PROBLEM DETAILS> Exact retyping of the data: please keep every word and drop each picture.

GIVEN MATERIAL>
+++++

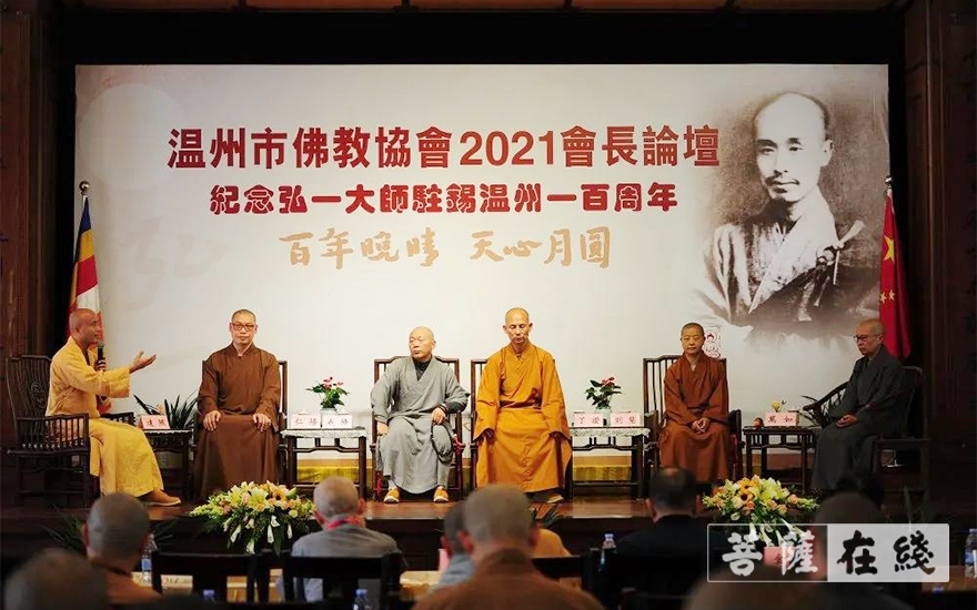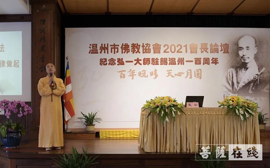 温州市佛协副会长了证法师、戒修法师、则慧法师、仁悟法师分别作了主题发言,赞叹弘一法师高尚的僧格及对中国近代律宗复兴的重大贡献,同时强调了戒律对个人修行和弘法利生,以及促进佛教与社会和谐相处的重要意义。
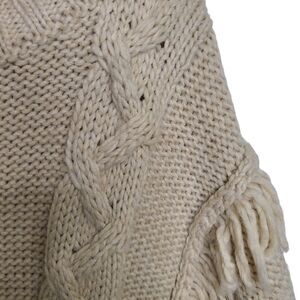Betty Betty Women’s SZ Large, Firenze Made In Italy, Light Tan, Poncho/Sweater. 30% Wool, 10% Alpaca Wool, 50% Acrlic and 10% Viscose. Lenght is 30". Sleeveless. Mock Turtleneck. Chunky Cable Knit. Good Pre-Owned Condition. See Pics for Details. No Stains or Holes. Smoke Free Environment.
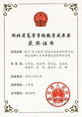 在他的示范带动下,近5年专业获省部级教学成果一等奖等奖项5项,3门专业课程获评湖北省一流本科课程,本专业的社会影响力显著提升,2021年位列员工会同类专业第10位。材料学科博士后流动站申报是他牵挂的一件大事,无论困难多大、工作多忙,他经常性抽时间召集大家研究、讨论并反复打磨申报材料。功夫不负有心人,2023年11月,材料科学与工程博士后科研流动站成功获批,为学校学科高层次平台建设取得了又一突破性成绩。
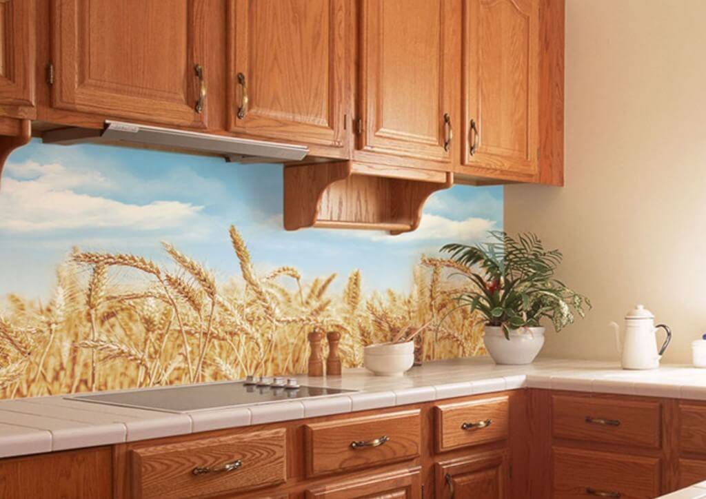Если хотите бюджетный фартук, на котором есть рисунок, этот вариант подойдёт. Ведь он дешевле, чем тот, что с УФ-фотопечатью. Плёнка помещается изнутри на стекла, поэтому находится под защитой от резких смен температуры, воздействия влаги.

+++++

WRITTEN REPLY>
 温州市佛协副会长了证法师、戒修法师、则慧法师、仁悟法师分别作了主题发言,赞叹弘一法师高尚的僧格及对中国近代律宗复兴的重大贡献,同时强调了戒律对个人修行和弘法利生,以及促进佛教与社会和谐相处的重要意义。
Betty Betty Women’s SZ Large, Firenze Made In Italy, Light Tan, Poncho/Sweater. 30% Wool, 10% Alpaca Wool, 50% Acrlic and 10% Viscose. Lenght is 30". Sleeveless. Mock Turtleneck. Chunky Cable Knit. Good Pre-Owned Condition. See Pics for Details. No Stains or Holes. Smoke Free Environment.
 在他的示范带动下,近5年专业获省部级教学成果一等奖等奖项5项,3门专业课程获评湖北省一流本科课程,本专业的社会影响力显著提升,2021年位列员工会同类专业第10位。材料学科博士后流动站申报是他牵挂的一件大事,无论困难多大、工作多忙,他经常性抽时间召集大家研究、讨论并反复打磨申报材料。功夫不负有心人,2023年11月,材料科学与工程博士后科研流动站成功获批,为学校学科高层次平台建设取得了又一突破性成绩。
Если хотите бюджетный фартук, на котором есть рисунок, этот вариант подойдёт. Ведь он дешевле, чем тот, что с УФ-фотопечатью. Плёнка помещается изнутри на стекла, поэтому находится под защитой от резких смен температуры, воздействия влаги.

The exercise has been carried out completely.